The plots of IQR ranges in Fig. 11 show where each catalogue has issues related to precision, that is, where parameters of stars with similar spectra tend to be different. Unlike the bias case, the precision evaluation is independent of the reference values. Regimes where the catalogues have a low precision level include cool stars (Teff < 4000 K), bright giants (log g < 1.5), and metal-poor stars (in particular for StarHorse2 and XP-LAMOST, already below [Fe/H] < −0.5). The bias and IQR values are tabulated in Appendix A.

thumbnail Fig. 11

Comparison of four large catalogues of stellar parameters. Spectra similar to the reference stars were selected using our blind method. The median biases of these samples are plotted as a function of the parameters of the reference stars on the top row. The bottom row shows the median interquartile range (IQR) as a function of the parameters. Low IQR indicates a high level of precision and low bias indicates a high level of accuracy.

5 Conclusions

This work is the first in a series of papers related to the CHESS pipeline and our project to analyse the UVES spectra of FGK-type stars with high precision and high accuracy. For that purpose, the pipeline will rely on the differential analysis method using a series of reference stars that have accurate parameters distributed over the parameter space. In this paper, we present and discuss our method for finding similar stars based purely on their spectra. The performance of the method was tested and calibrated using catalogues of atmospheric parameters available in the literature. Our main findings can be summarised as follows:

  • Identifying the correct astrophysical sources that correspond to each UVES spectrum proved to be a significant challenge due to inconsistencies in the metadata of the files. As a result, we strongly recommend that observatories and data archives implement standardised formats for recording object coordinates and identifiers in a way that can ensure the long-term utility of their datasets;

  • We used the dimensionality-reduction algorithm t-SNE to create 2D projection maps of our sample using their spectra as the multi-dimensional data. We tested the method using six spectral regions and found that the morphologies of the maps are different, but their overall characteristics are the same. Giants and dwarfs are well separated, with dwarfs distributed according to a gradient of temperature and giants according to a gradient of metallicities. Smaller groups of stars can also be identified, including a group of Cepheids, one of bright giants, and one of peculiar globular cluster stars;

  • To mitigate the class imbalance when identifying similar stars, we applied t-SNE in two steps: the first iteration separated the main groups of interest in our sample (giants, dwarfs, and metal-poor stars) and the second iteration was applied within these groups, using a smaller value for the perplexity, to create tighter groups in the projected space;

  • Using the GES catalogue of stellar parameters, we calibrated a metric focussed on spectra similarities that allows the identification of similar spectra surrounding a given reference in the projection map.
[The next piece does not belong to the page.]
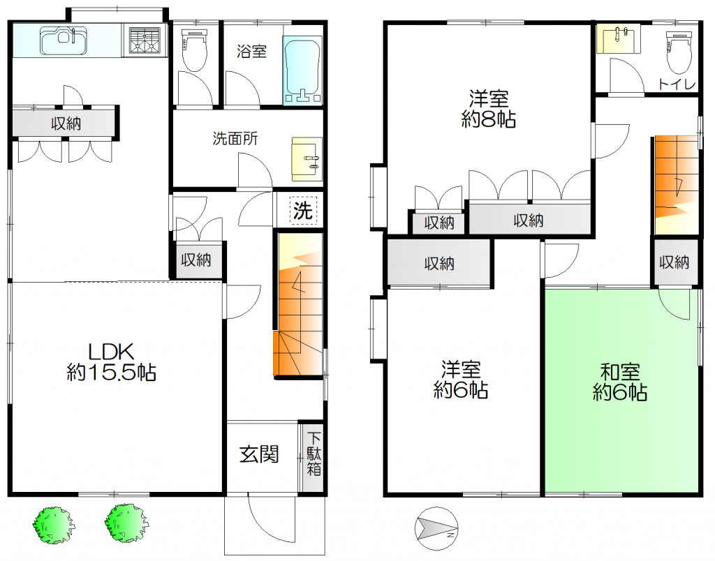 間取り | 3LDK | 間取り詳細 | LDK15.5 洋室8 6 和室6 | 専有面積 | 89.25㎡ |

The stars identified in this way have parameters within 200 K in Teff, 0.3 dex in log g, and 0.2 dex in [Fe/H]. The similarity threshold can be adjusted depending on the balance between completeness and purity needed in the selection;

  • Tests using our own differential analysis showed that with our choice of spectral metric, we were able to achieve completeness between 74–98% and typical purity between 39–54% (with one case of very low purity, around 8%);

  • Our method can also be used to test the precision and accuracy of large catalogues of stellar parameters. When testing GES, XP-LAMOST, GaiaXGBoost, and StarHorse2, we found a generally strong and rather worrying bias in the log g values for subgiants (log g∼ 3.5) and for stars with Teff ∼ 5500 K. However, we cannot exclude the fact that the issue lies with the choice of reference stars. The biases are also large for cool stars (Teff< 4000 K) and for metal-poor stars ([Fe/H] < –0.5);

  • We found the level of precision characterising these cata logues to decrease for cool stars (Teff < 4000 K), bright giants (log g < 1.5), and metal-poor stars (in particular, for StarHorse2 and XP-LAMOST, already below [Fe/H] < −0.5).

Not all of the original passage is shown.